**Exercise goal:** What you return should be the full listing, word for word, without a single image.

**Given entries:**
● ● ● ● ●
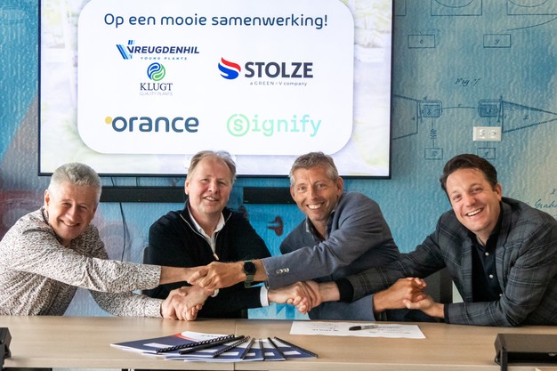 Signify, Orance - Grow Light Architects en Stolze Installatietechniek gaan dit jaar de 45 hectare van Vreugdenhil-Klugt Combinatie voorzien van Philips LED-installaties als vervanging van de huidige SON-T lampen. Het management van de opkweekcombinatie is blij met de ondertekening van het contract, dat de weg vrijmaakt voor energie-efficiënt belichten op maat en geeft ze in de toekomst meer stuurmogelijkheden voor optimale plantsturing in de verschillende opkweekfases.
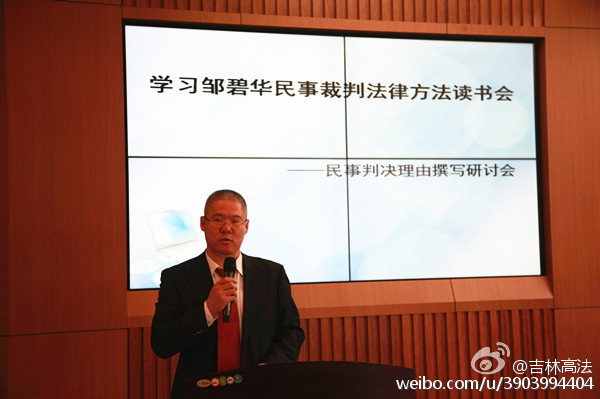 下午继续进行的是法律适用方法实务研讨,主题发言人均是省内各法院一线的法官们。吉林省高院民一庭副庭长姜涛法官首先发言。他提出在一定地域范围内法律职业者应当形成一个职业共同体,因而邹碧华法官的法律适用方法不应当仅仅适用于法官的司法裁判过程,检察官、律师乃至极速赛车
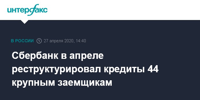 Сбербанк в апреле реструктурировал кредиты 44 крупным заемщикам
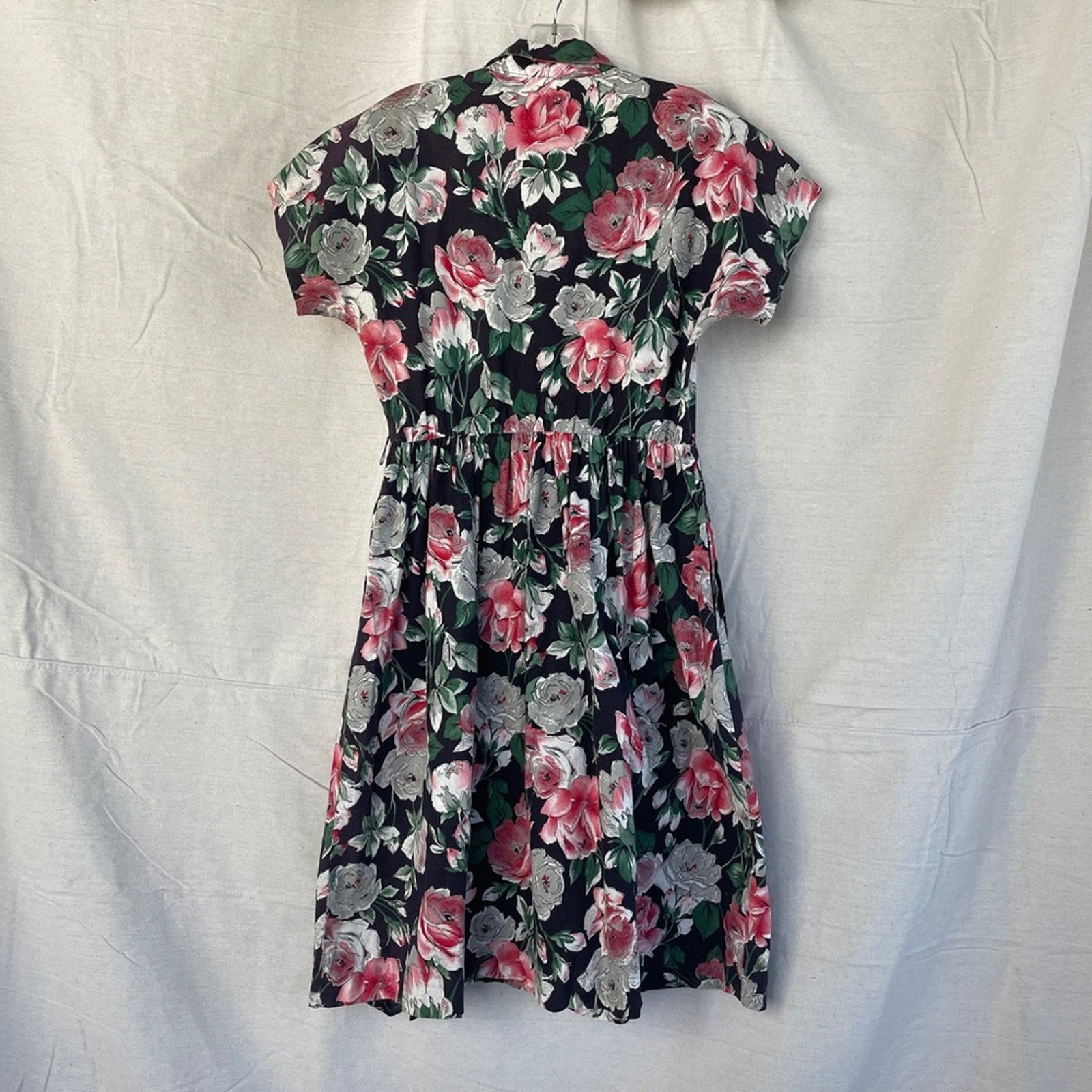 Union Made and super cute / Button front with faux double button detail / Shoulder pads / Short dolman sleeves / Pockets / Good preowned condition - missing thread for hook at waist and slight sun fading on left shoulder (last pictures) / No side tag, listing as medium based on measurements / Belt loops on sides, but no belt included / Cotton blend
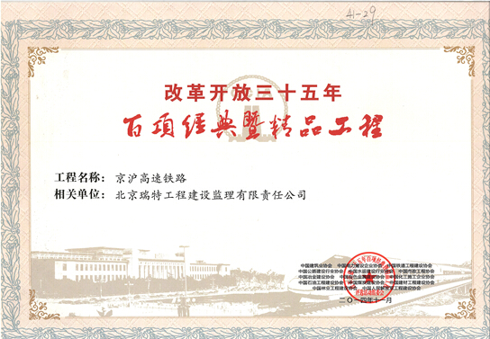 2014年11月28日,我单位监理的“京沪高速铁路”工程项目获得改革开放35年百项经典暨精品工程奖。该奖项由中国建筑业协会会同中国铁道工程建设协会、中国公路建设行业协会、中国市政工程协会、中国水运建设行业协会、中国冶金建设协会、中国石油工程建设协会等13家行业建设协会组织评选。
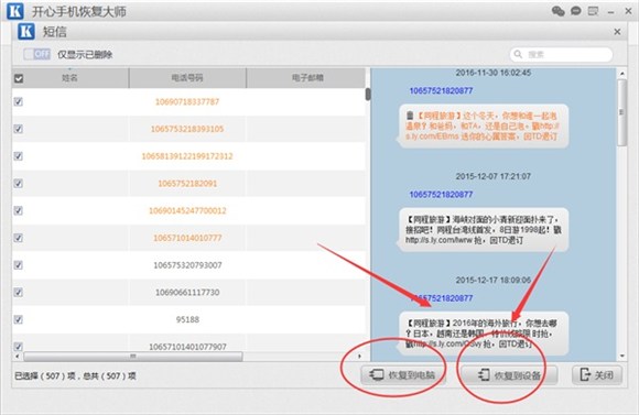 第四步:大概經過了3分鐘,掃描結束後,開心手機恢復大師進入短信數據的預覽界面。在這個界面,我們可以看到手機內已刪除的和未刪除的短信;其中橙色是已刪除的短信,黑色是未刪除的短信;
● ● ● ● ●
**Written reply:**
 Signify, Orance - Grow Light Architects en Stolze Installatietechniek gaan dit jaar de 45 hectare van Vreugdenhil-Klugt Combinatie voorzien van Philips LED-installaties als vervanging van de huidige SON-T lampen. Het management van de opkweekcombinatie is blij met de ondertekening van het contract, dat de weg vrijmaakt voor energie-efficiënt belichten op maat en geeft ze in de toekomst meer stuurmogelijkheden voor optimale plantsturing in de verschillende opkweekfases.
 下午继续进行的是法律适用方法实务研讨,主题发言人均是省内各法院一线的法官们。吉林省高院民一庭副庭长姜涛法官首先发言。他提出在一定地域范围内法律职业者应当形成一个职业共同体,因而邹碧华法官的法律适用方法不应当仅仅适用于法官的司法裁判过程,检察官、律师乃至极速赛车
 Сбербанк в апреле реструктурировал кредиты 44 крупным заемщикам
 Union Made and super cute / Button front with faux double button detail / Shoulder pads / Short dolman sleeves / Pockets / Good preowned condition - missing thread for hook at waist and slight sun fading on left shoulder (last pictures) / No side tag, listing as medium based on measurements / Belt loops on sides, but no belt included / Cotton blend
 2014年11月28日,我单位监理的“京沪高速铁路”工程项目获得改革开放35年百项经典暨精品工程奖。该奖项由中国建筑业协会会同中国铁道工程建设协会、中国公路建设行业协会、中国市政工程协会、中国水运建设行业协会、中国冶金建设协会、中国石油工程建设协会等13家行业建设协会组织评选。
 第四步:大概經過了3分鐘,掃描結束後,開心手機恢復大師進入短信數據的預覽界面。在這個界面,我們可以看到手機內已刪除的和未刪除的短信;其中橙色是已刪除的短信,黑色是未刪除的短信;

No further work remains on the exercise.